Before we go deeper, let's nail down five terms. If you already live in this world, skim; if you don't, these five unlock everything below.
GitHub-hosted vs. self-hosted runners. When you write runs-on: ubuntu-latest, GitHub spins up a throwaway VM it owns, runs your job, and throws it away. Convenient, but that VM lives in GitHub's network — it cannot reach your private databases, your internal package registries, or your VPC, and you can't customize it much or control its cost at high volume. A self-hosted runner is a machine you register with GitHub; GitHub sends jobs to it, but you own everything about the box. Forge is a platform for self-hosted runners — it exists precisely for the jobs that GitHub-hosted runners can't serve.
Tenant. A tenant is the isolation-and-configuration boundary for a team — its own runners, identity, and labels. Forge runs those runners inside the Forge-managed AWS deployment for that tenant; the tenant can then optionally grant its runners access to its own external AWS accounts by listing the IAM roles the runner role is allowed to assume (more in §7). So "each tenant has its own account" is the wrong mental model — the right one is "each tenant is an isolated boundary, with opt-in bridges to whatever AWS it actually needs." When we say Forge is "multi-tenant," we mean many teams share one platform (one codebase, one upgrade path, one operations team) while staying strictly separated at runtime. Holding both of those at once — shared platform, isolated execution — is the entire engineering problem.
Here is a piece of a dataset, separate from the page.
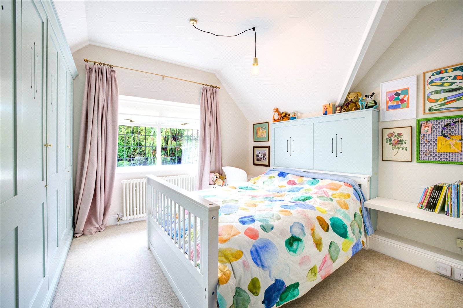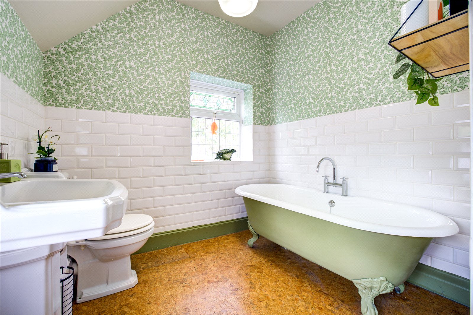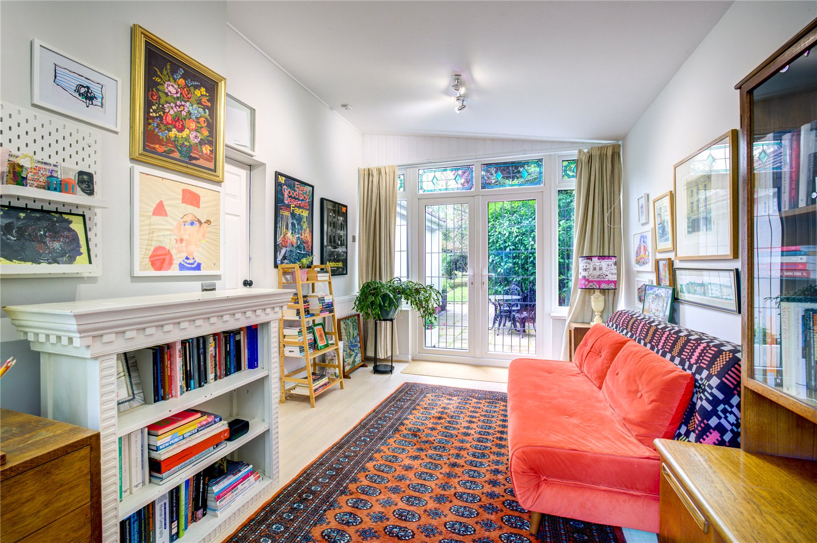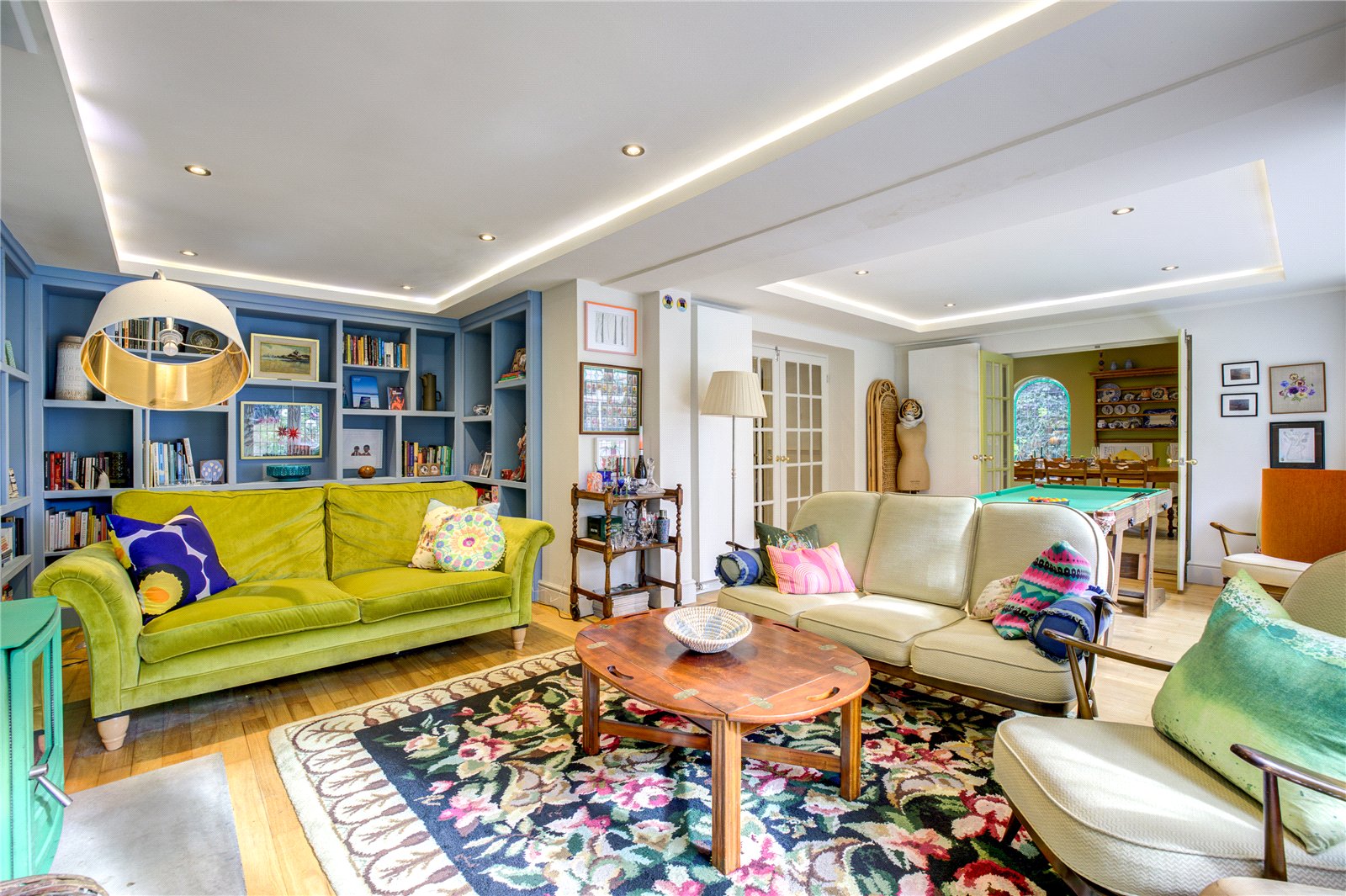 The ground floor offers a wealth of versatile reception spaces, thoughtfully designed for relaxed family life and entertaining. A sitting room with a log-burning stove establishes an atmosphere of refined comfort, ideal for cosy evenings, while the expansive lounge/garden room, featuring a second log-burning stove and bespoke built-in bookcase, is bathed in natural light and opens directly onto the mature gardens that surround the home – perfect for seamless indoor-outdoor living.

Ephemeral runner. This is the keystone idea. Instead of long-lived machines, Forge creates a brand-new runner for a single job and destroys it the instant that job finishes — pass or fail. Every job gets a pristine machine that has never seen another job. This buys you enormous things almost for free: no state leaks between jobs, no configuration drift accumulating on a box over months, no credentials cached on a runner that outlives the work, and no "clean up after yourself" step that everyone forgets. It costs you one thing — startup latency, since you pay to boot a machine per job — which we'll see Forge manage carefully later.
Control plane vs. tenant plane. The control plane is the Forge-owned brain: it receives the signal that a job needs a runner, provisions the runner, scales the fleet, wires up identity, and collects logs and metrics. The tenant plane is where the actual jobs execute. Teams live entirely in the tenant plane — they write workflows and pick runners — and never touch the control plane. This split is what lets one small team operate the control plane for everyone.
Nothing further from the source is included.